Code:cubesymWong2001
Title:Animating symmetries of a cube
Authors:Allan Wong, Meurig Beynon
Date:Jan-2001
Type:model
Funding:PhD - PhD thesis
Short description:S4 as a Cayley diagram and as symmetries of a cube
EM Technologies:tkeden, %scout, %sasami, %arca
Keywords:education, geometry
empublic references:
EMpress references:
Web site references:
Previous locations:
Tour:README.txt

This model is based on one of the original demonstration files developed to illustrate the use of the definitive notation ARCA. The original ARCA script to define a Cayley diagram for S4 was developed by Beynon, and has been translated into an eden file and displayed using the ARCA translator developed by Stuart Bird. (Note that the location of vertices of the diagram is determined by a projecting a cube onto the plane.) The vertices of the Cayley diagram correspond to group elements that can be variously interpreted as abstract symmetry operations, permutations and transformation matrices. The red, green and blue edges represent generators x, y and z respectively that generate S4 subject to the relations xx = yy = zz = xzxz = xyxyxy = yzyzyz = 1. The other relations between x, y and z correspond to cycles in the Cayley diagram. The model also includes a Sasami model of a cube and a button interface that was developed by Allan Wong.

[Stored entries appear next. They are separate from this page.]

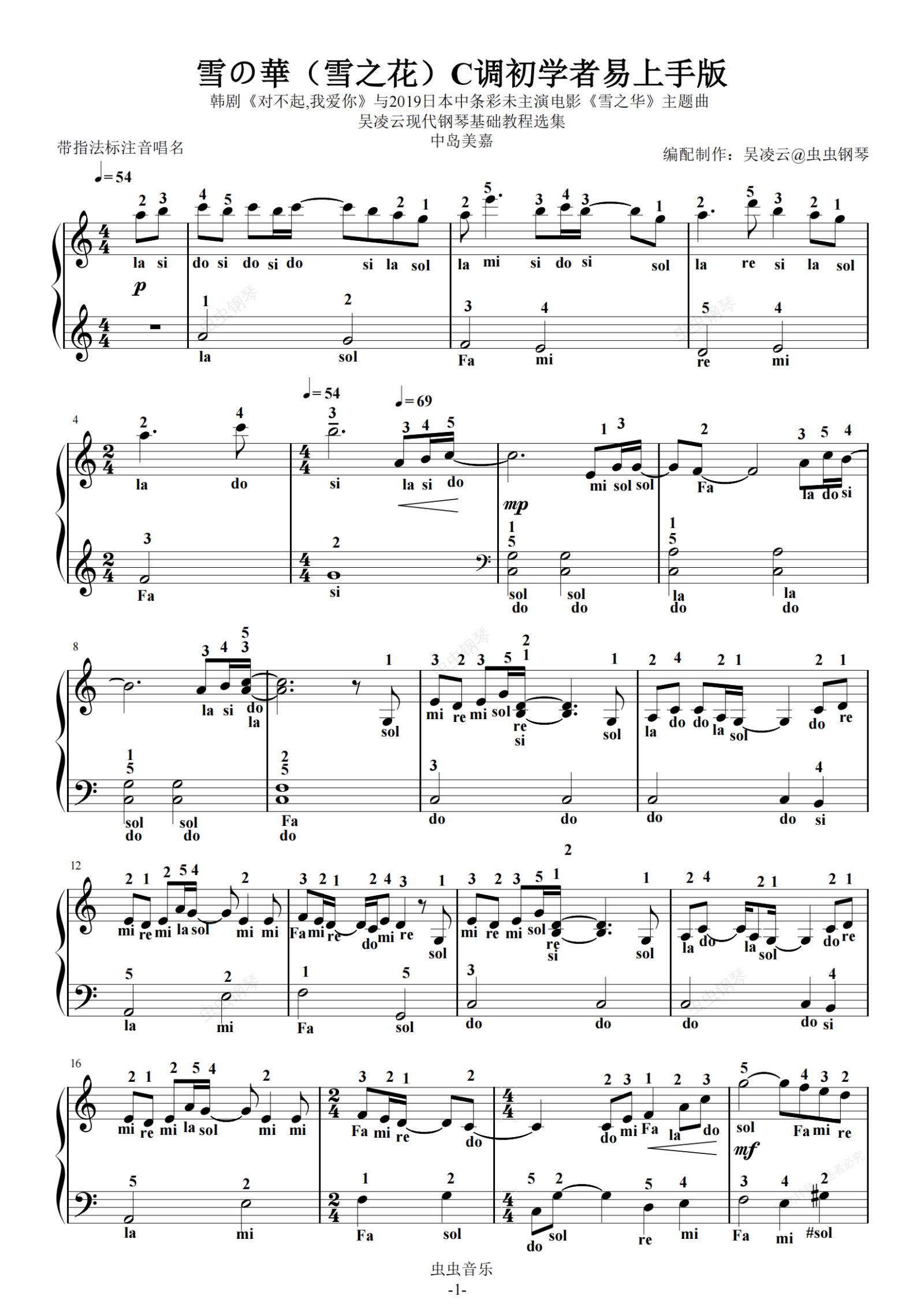 钢琴谱:雪の華(雪之花)C调初学者易上手版 指法+唱名 吴凌云现代钢琴基础教程选集
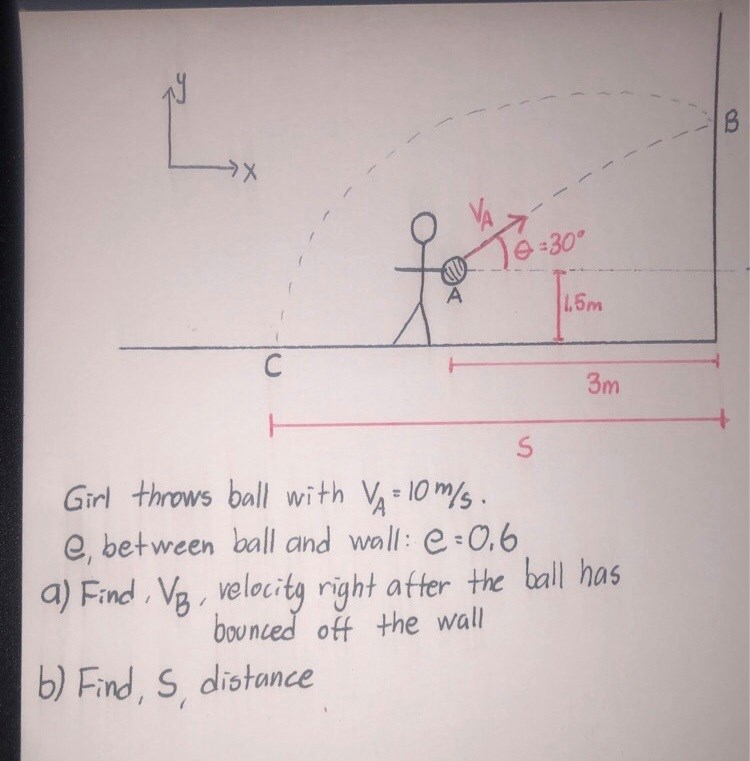 Eftersom det inte står något om energiförluster vid väggstudsen så antar vi att hastigheten i x-led efter studsen endast byter riktning, inte storlek.
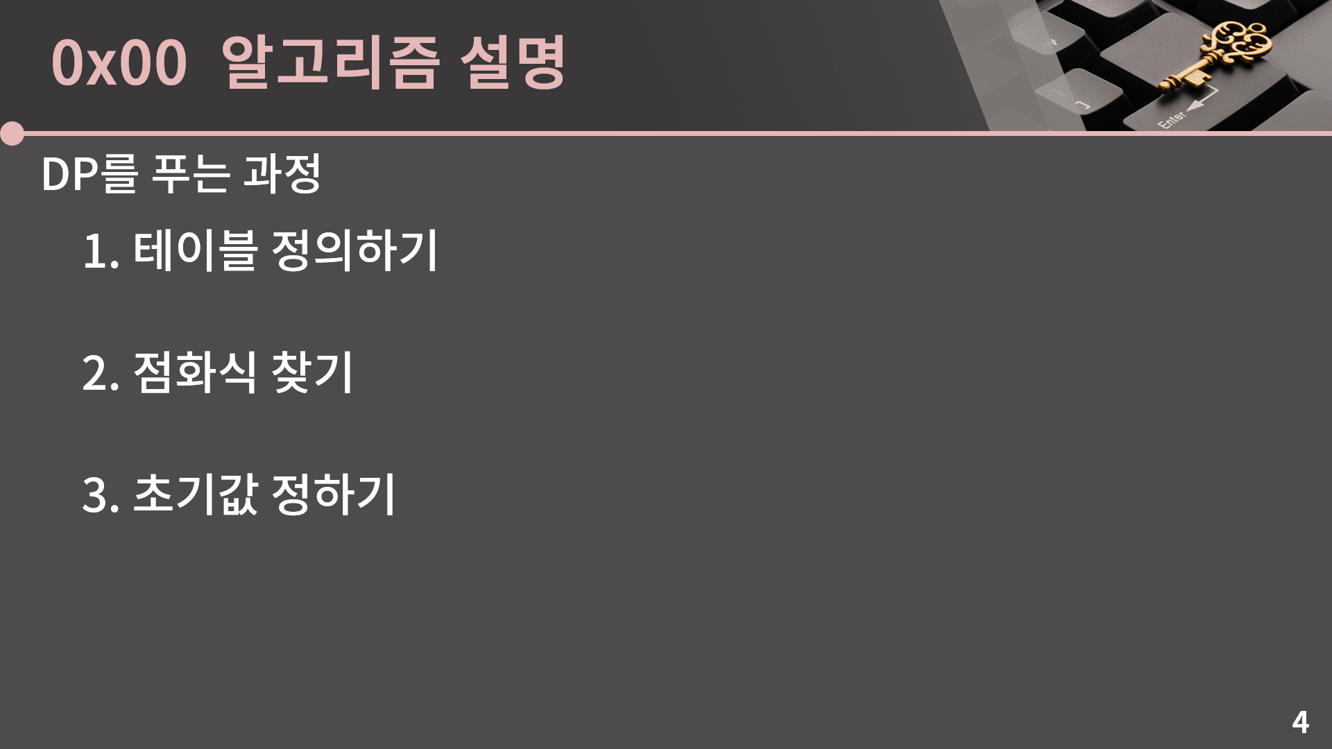 제일 먼저 테이블을 정의해보면 앞 문제에서의 상황을 생각했을 때 딱 떠오르는 형태가 있습니다. 바로 D[i] = i를 1, 2, 3의 합으로 나타내는 방법의 수라고 정의하는 방법입니다. 이걸 바탕으로 점화식을 만들어야 할텐데 어떻게 예쁜 점화식을 만들 수 있을지 같이 고민해보겠습니다. 바로 점화식을 보여드려도 되지만 같이 생각하는 시간을 가져본다는 차원에서 D[4]를 같이 구해보겠습니다.
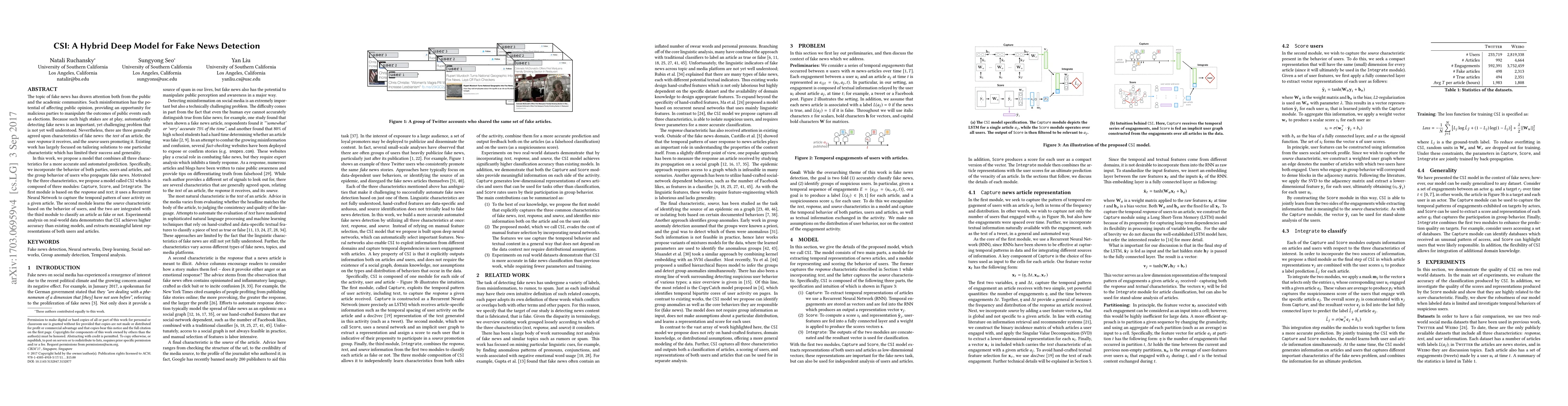 Researchers propose a hybrid deep model called CSI that combines user behavior, article text, and source characteristics to accurately detect fake news, outperforming existing models in real-world experiments.
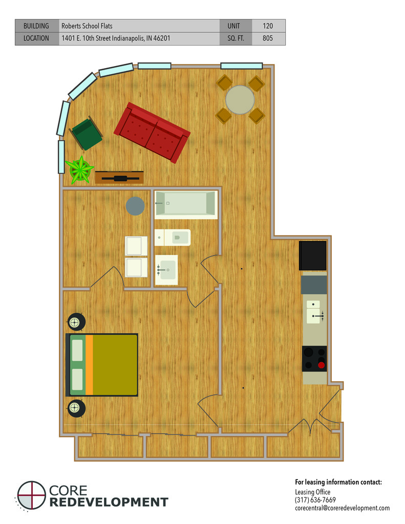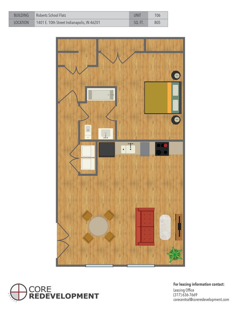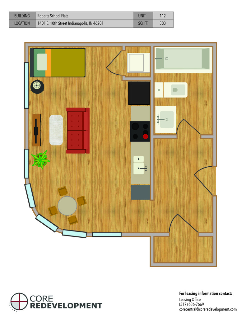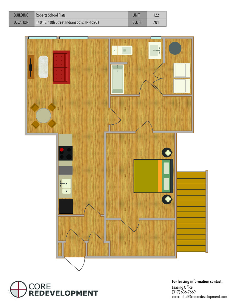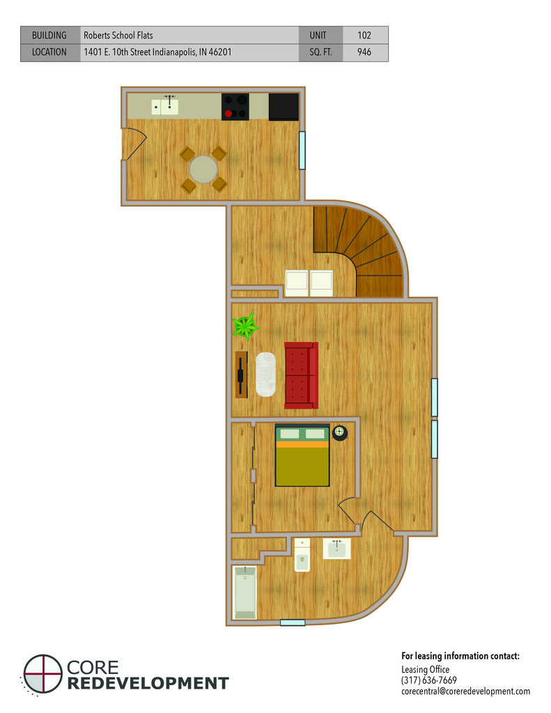 Roberts School Flats se encuentra en el Barrio Near Eastside y el código postal 46201 de Indianapolis, IN. Esta comunidad está gestionada profesionalmente por Core Redevelopment, LLC
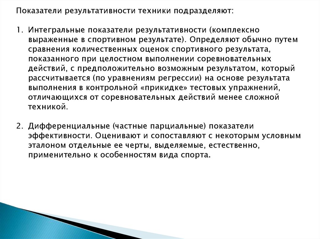 Показатели результативности техники подразделяют:1. Интегральные показатели результативности (комплексно
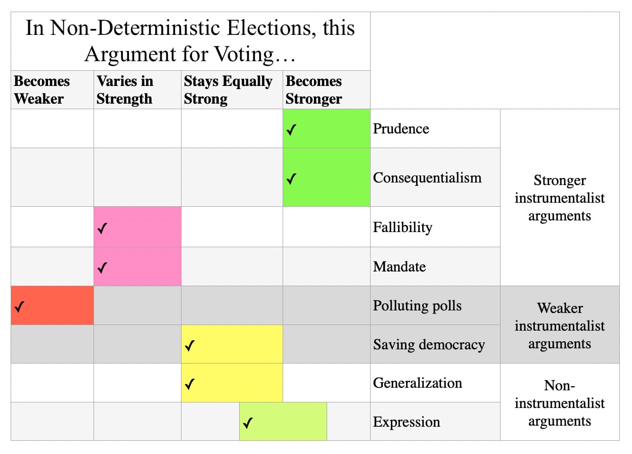 The only argument that weakens our reason to vote in non-deterministic elections is the “polluting the polls argument”, which we looked at and subsequently dismantled in my last post. The rest of the arguments either vary in strength (depending on the circumstances), are equally strong, or are strengthened in non-deterministic elections.
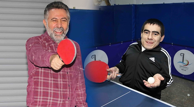 Bayraklı Belediye Başkanı Serdar Sandal, belediyenin masa tenisi kurslarına katılarak kişisel gelişimine büyük katkı sağlayan ve pandemi sürecinde antrenmanlarına evde devam eden mental engelli Murat Özgen Atılmaz'ın meydan okumasına yanıt vererek, yeni yılda sürpriz yaptı. Başkan Sandal, Mustafa Kemal Atatürk Spor Salonu'nda başarılı sporcuyla masa tenisi müsabakasında karşı karşıya geldi, günün şampiyonu Murat oldu.
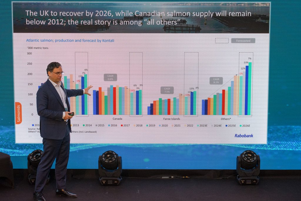 Meanwhile, GSA’s annual updates on fish and shrimp aquaculture gave a picture of the sector in 2024 and predictions for the next few years. Scotland’s salmon production is likely to be up by 15 percent in 2024 compared to 2023, said Gorjan Nikolik, global seafood specialist at cooperative bank Rabobank. He predicts that salmon production in Scotland will continue increasing in 2025 and 2026, rising by an estimated 7 and 6 percent respectively, while production in the Faroe Islands and a number of other smaller salmon-farming nations is looking promising. For example, Iceland’s salmon production is set to see 24 percent growth in 2024, and this growth is predicted to continue. Another key takeaway was that after two challenging years, Norway’s Atlantic salmon production is also likely to grow. On the topic of salmon, it was  encouraging to hear Tavish Scott from Salmon Scotland and Gilpin Bradley, a respected leader in the Scottish salmon farming sector, discuss the wave of negative media that salmon producers face, and emphasise issues such as transparency and the need to educate consumers.

More about the Cayley diagram

The Cayley diagram is associated with the symmetric group on 4 symbols, as generated by the three transpositions (12), (23) and (34). The presentation associated with these generators is defined by the following properties: all the transpositions have order 2, the (12)(34) is also of order 2, and (12)(23) and (23)(34) are of order 3. This group is also the group of symmetry operations on the cube, and the transpositions can be interpreted as rotations about diametrically opposite midpoints of the edges 12, 23 and 34 respectively of the cube. (There are of course several other triples of edges that could be chosen to establish this representation.) In the model, the indexing of the vertices of the cube is such that the midpoints actually used are (12), (15) and(56) respectively.

In the Cayley diagram, the blue, green and red edges respectively correspond to the transpositions (12), (23) and (34) and the rotations about the axes through the midpoints of (12), (15) and (56).

To adjust the size of the diagram, enter an integer value (e.g. between 5 and 15) for variable 'graphsize' in eden (or scout).

To operate the model in standard demo mode, press the reset button to relocate the cube in its 'initial' position, then inspect the effect of traversal of the Cayley diagram and the associated reconfiguration of the cube as the blue, green and red buttons are pressed.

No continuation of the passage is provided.